Missouri Woman Who Praised KKK In Viral Video Apologized, Says She ‘Doesn’t Represent hate’


A Missouri woman who appeared in a viral video praising the Ku Klux Klan (KKK) at a Black Lives Matter protest and promising to teach her grandchildren to hate wants to apologize for the “ugly” things she said, Springfield’s KOLR-TV reported.

This week, a video surfaced from a protest in Branson, Missouri, in which a woman could be seen antagonizing Black Lives Matter protesters. In the video, which has since gone viral, a woman can be seen sitting in the bed of a pickup truck and holding a Confederate flag.

“I will teach my grandkids to hate you all,” she said to someone off-camera.

She could also be seen raising her fist and shouting “KKK belief!”

On Wednesday, the woman, now identified as Kathy Jenkins, called the KOLR-TV newsroom to talk about what has happened to her since the video went viral, and how she has since changed her heart.

Jenkins said that she went to the protest at Dixie Outfitters to see what it was about. The Branson store sells Confederate paraphernalia, and according to The Springfield News-Leader, was the target of the protesters that day.

“I’ve never been to [a Black Lives Matter protest]. I just wanted to see what the rally was all about,” she said.

What happened in the moments leading up to her tirade are something of a blur to her, she said.

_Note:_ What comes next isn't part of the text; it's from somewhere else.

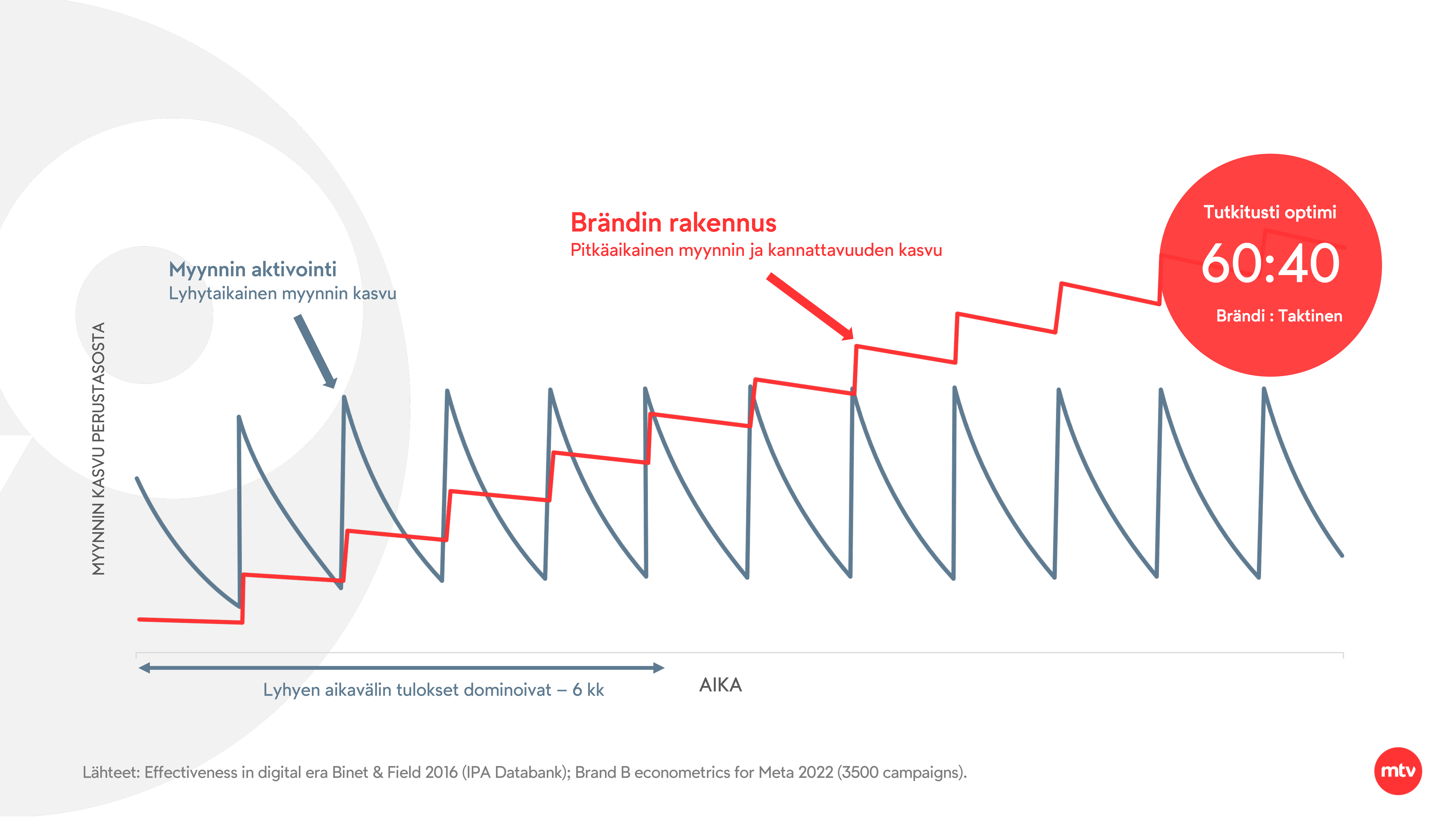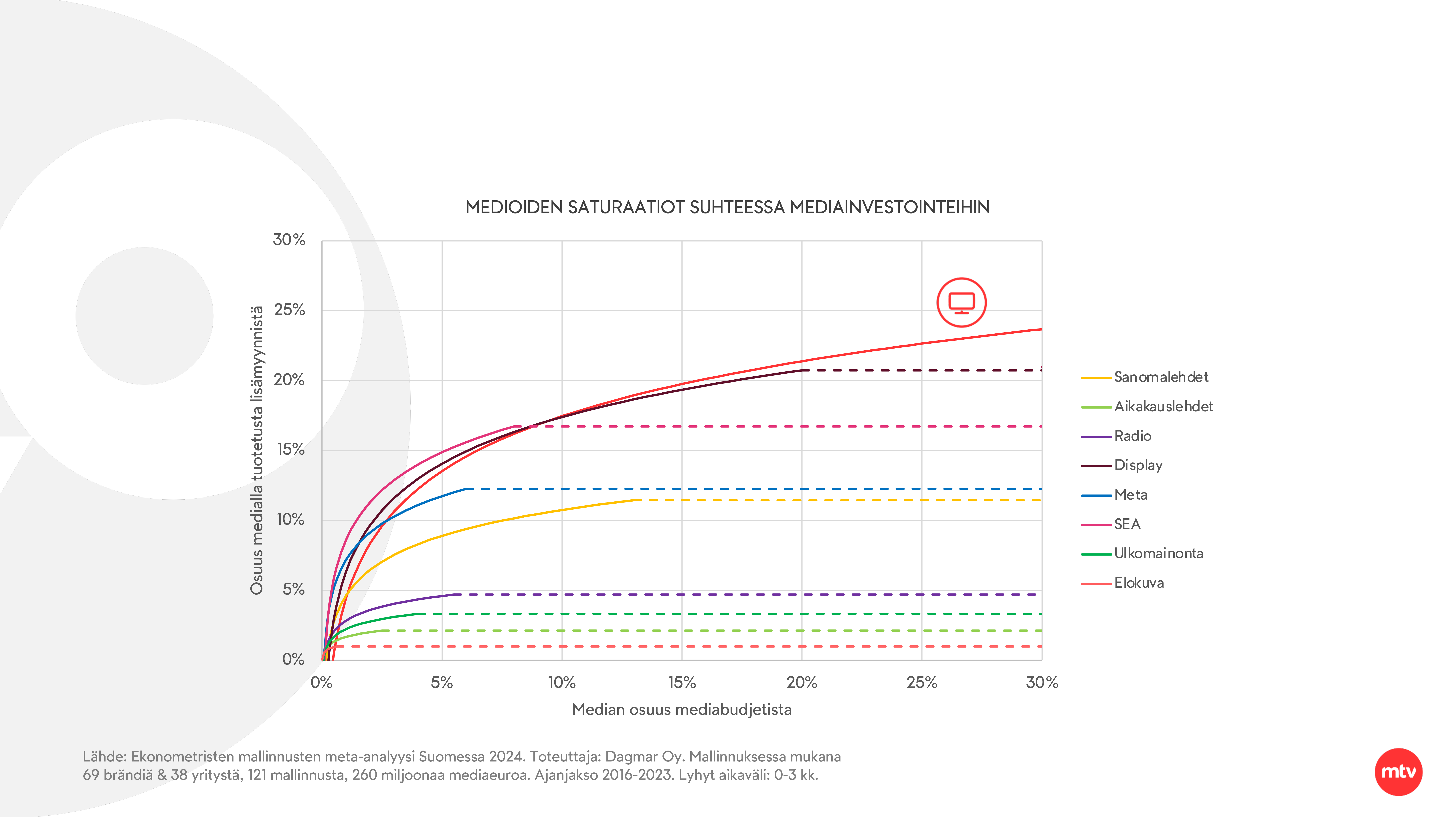 [4] Ekonometristen mallinnusten meta-analyysi Suomessa 2024. Toteuttaja: Dagmar Oy. Mallinnuksessa mukana 69 brändiä & 38 yritystä, 121 mallinnusta, 260 miljoonaa mediaeuroa. Ajanjakso 2016-2023. Lyhyt aikaväli: 0-3 kk.

Somehow, she wound up sitting in the back of a counterprotester’s truck, someone she didn’t know. She was handed a Confederate flag, she says, which she thought was a “symbol of unity.”

Then, she says, when a BLM protester confronted her, she “kind of blacked out.”

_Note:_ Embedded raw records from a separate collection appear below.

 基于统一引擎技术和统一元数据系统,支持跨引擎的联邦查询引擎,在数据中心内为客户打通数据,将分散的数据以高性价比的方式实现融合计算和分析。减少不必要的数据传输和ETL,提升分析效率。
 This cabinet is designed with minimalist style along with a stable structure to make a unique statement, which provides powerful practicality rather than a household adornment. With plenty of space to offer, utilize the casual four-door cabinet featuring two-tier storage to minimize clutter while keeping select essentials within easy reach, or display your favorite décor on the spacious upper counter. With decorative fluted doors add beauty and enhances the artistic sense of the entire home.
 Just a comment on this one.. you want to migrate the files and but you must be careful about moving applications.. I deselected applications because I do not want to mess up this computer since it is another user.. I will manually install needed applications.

“I don’t even remember saying half the stuff that I said,” she said.

As for her advocacy of the KKK, she says that it came from a place of not appreciating being called a racist.

“I wasn’t saying I’m KKK or for the KKK. I was mocking them because I don’t like being called a racist,” she said.

Now, she said, she regrets her actions that day. She said she lost her job and has been banned from Facebook, both of which she said she deserved. She’s received death threats and even her friends have been threatened, she added. She had to leave Branson, her home of six years.

In a statement, she said that her actions that day don’t represent who she is, and she would like to apologize.

“This isn’t who I am as a person. I obviously cannot take back what I said. I can only learn from this. I want to make it clear. I am not teaching my children or grandchildren to hate anyone,” she said.

Faith Pittser, one of the organizers of the protest, isn’t buying Jenkins’ apology, saying that she (Pittser) doesn’t believe that someone could not know what the Confederate flag represents.

“This woman is lying and apologizing because she’s sorry she got caught in her acts of racism,” Pittser said.